Thanks losteternal & lifeinAShell for your replies. I was super embarrassed, but went back into work today. My boss was understanding and was very nice about it. I'm still really embarrassed about the whole thing, but I'm going to try to put it behind me. I've really got to do a better job of keeping my emotions in check. It's just hard for me; when I'm criticized or if someone is rude or unkind to me, I just take it so personally. It's like logically I know I shouldn't, their behavior or comments likely have nothing to do with me, but there's a part of me that just really has a hard time with it and does take it personal. It's tough being a sensitive person in this world.


----------



## losteternal

You are only young though. When you're an old fart like me Things become less important. Im too busy trying Not to Fall over and crack My hip to Give a toss What anyone else says


----------



## d91

Awwww!! I feel bad for you.. but this boss person sounds like a sympathetic and caring person.. I definetly think you should explain your boss, and see how she responds..


----------



## Kalliber

I cried once at school, but seems she cared about you


----------



## Jesuszilla

I have been so depressed that I cursed out my manager the other day. He wrote me up for calling off work even though it ignores policy and I simply yelled "**** you, **** this place, **** all of you" then walked out the office. I was written up again. 
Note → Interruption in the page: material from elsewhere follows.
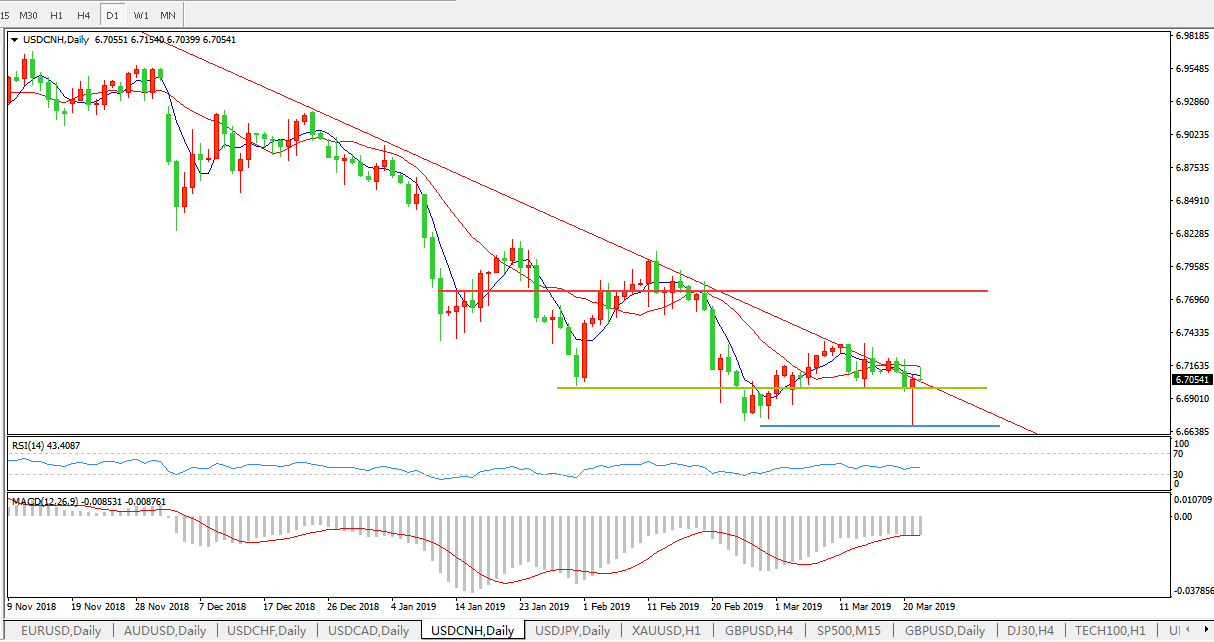 美元兑人民币USDCNH 日线图:
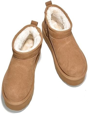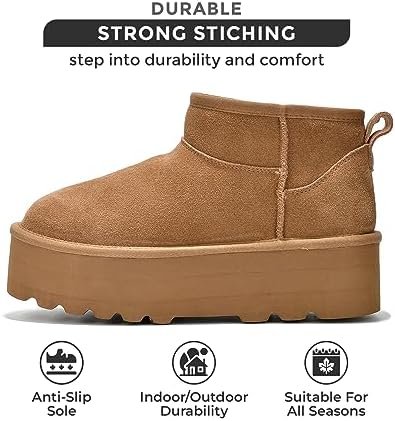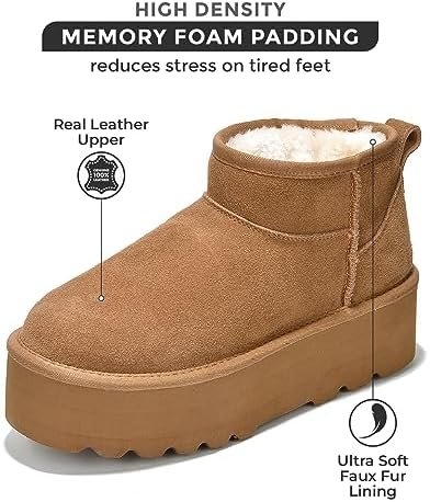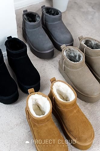 Project Cloud 100% Genuine Suede Leather Ankle Boots for Women – Fur Boots Memory Foam Insole Womens Boots – Anti-Slip Mini Platform Boots – Lightweight Winter Boots for Women – Snow Boots (Huggy)

But prior to coming into work, I was so down that I called a hotline just to get some stuff off my chest. That day I was snapping on everybody who came near me until another lady who suffers from depression talked to me and I finally calmed down enough to make it through the night.


----------



## lostfromreality731

Managers are supposed to be trained to help identify depression in workers. Sometimes they don't understand unless you are really honest with them. I find I clam up and am very uncomfortable being honest. You should not feel bad for what happened, quite the contrary to be honest, at least she knows that something is wrong. She sounds like quite an understanding person, which seems to be rare in the work place. It's hard but you have to let her know exactly how you feel, she should be able to offer support. I mean as long as you enjoy the work to a degree she should be able to work with you to make things easier for you.


----------



## Nessie91

There's been plenty of times I felt like I was gonna have an emotional breakdown. Today for instance in one of my classes I felt overwhelmed and had to hide in the library for over an hour.. I couldn't be around people cause they'd probably notice I was on the verge of tears.
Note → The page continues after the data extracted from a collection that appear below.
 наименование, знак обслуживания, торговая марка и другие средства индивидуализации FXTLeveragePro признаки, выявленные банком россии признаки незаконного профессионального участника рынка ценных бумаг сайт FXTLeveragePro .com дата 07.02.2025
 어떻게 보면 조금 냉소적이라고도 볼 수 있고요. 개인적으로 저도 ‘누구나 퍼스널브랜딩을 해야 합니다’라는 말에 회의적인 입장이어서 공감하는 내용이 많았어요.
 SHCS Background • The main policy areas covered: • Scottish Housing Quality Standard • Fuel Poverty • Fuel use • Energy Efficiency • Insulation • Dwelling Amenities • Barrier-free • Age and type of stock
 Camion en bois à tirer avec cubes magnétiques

Everyone has their setbacks. At least your boss seems understanding and was nice enough to talk to you about it. 
I on the other hand can't approach college professors. Cause frankly they don't give a ****.


----------



## scarpia

I don't think it's that big a deal - as long as you are a good worker. I supervised a cafe for several years. One day a woman came in crying because her BF had left her. Luckily I had another women on staff for her to vent to. 
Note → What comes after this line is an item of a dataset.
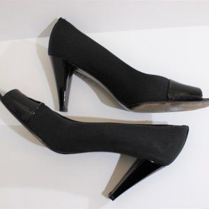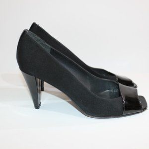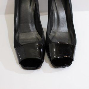 Stuart Weitzman Black Textile and Patent Leather Peep Toe Pumps
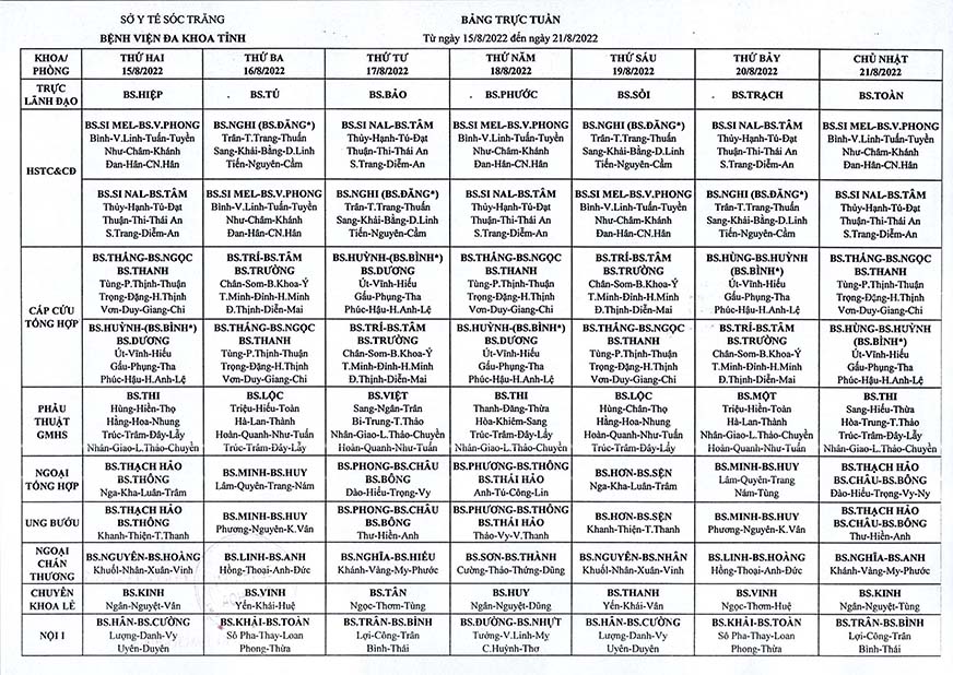 LỊCH TRỰC TUẦN TỪ NGÀY 15/8/2022 ĐẾN NGÀY 21/8/2022

You probably won't be in any consideration for any promotion to a position with more responsibility though. Getting emotional can derail that kind of thing.


----------



## TrueAstralKnight

I walked into my store manager's office with a guarantee of being let go until I came clean about my depression and anxiety. I ended up crying a lot due to the pressure and the thought of how my family would react and my already strong suicidal urges. I'm glad they gave me a second chance but I'm starting to think he did it just so I wouldn't mention them in a suicide letter and hurt their company name.


----------



## Awkto Awktavious

OMG!
I had a very similar experience at the beginning of this year.

It was my first job after graduation, and I was thrown in, with very little training. I was also a relatively new employee. I've been wanting to quit after the first month, but pushed myself to keep going. I felt like I couldn't keep up, so I pushed myself to come in earlier and/or stay later. I was burntout.

After 4 months I completely broke down crying telling her I can't handle the job, and I felt so bad because they really depend on me. Thankfully this was after everyone already left, so no one else saw me crying. 

My boss was also very concerned, also noticed that I was very unhappy, and told me I was doing a good job, but I don't think that I am. I feel like sooner everyone in the office is going to find out that I haven't been doing my job properly this whole time.
She told me to take some days off more often, but I feel like I can't because work will just pile up.

I've been here for a year now, and I've only taken a few days off, and we haven't really talked about it. She is very nice, but always super busy.

I saw a psychiatrist who prescribed anti-depressant, and I must have cried a dozen times at work since then, and its so embarrassing especially as a guy. I spent most of this year living one day at a time.

I wish I could help, because I know what you're going through.


----------



## Sacrieur

You can't be fired for having a mental disability, this is protected by the Americans with Disabilities Act passed in 1999.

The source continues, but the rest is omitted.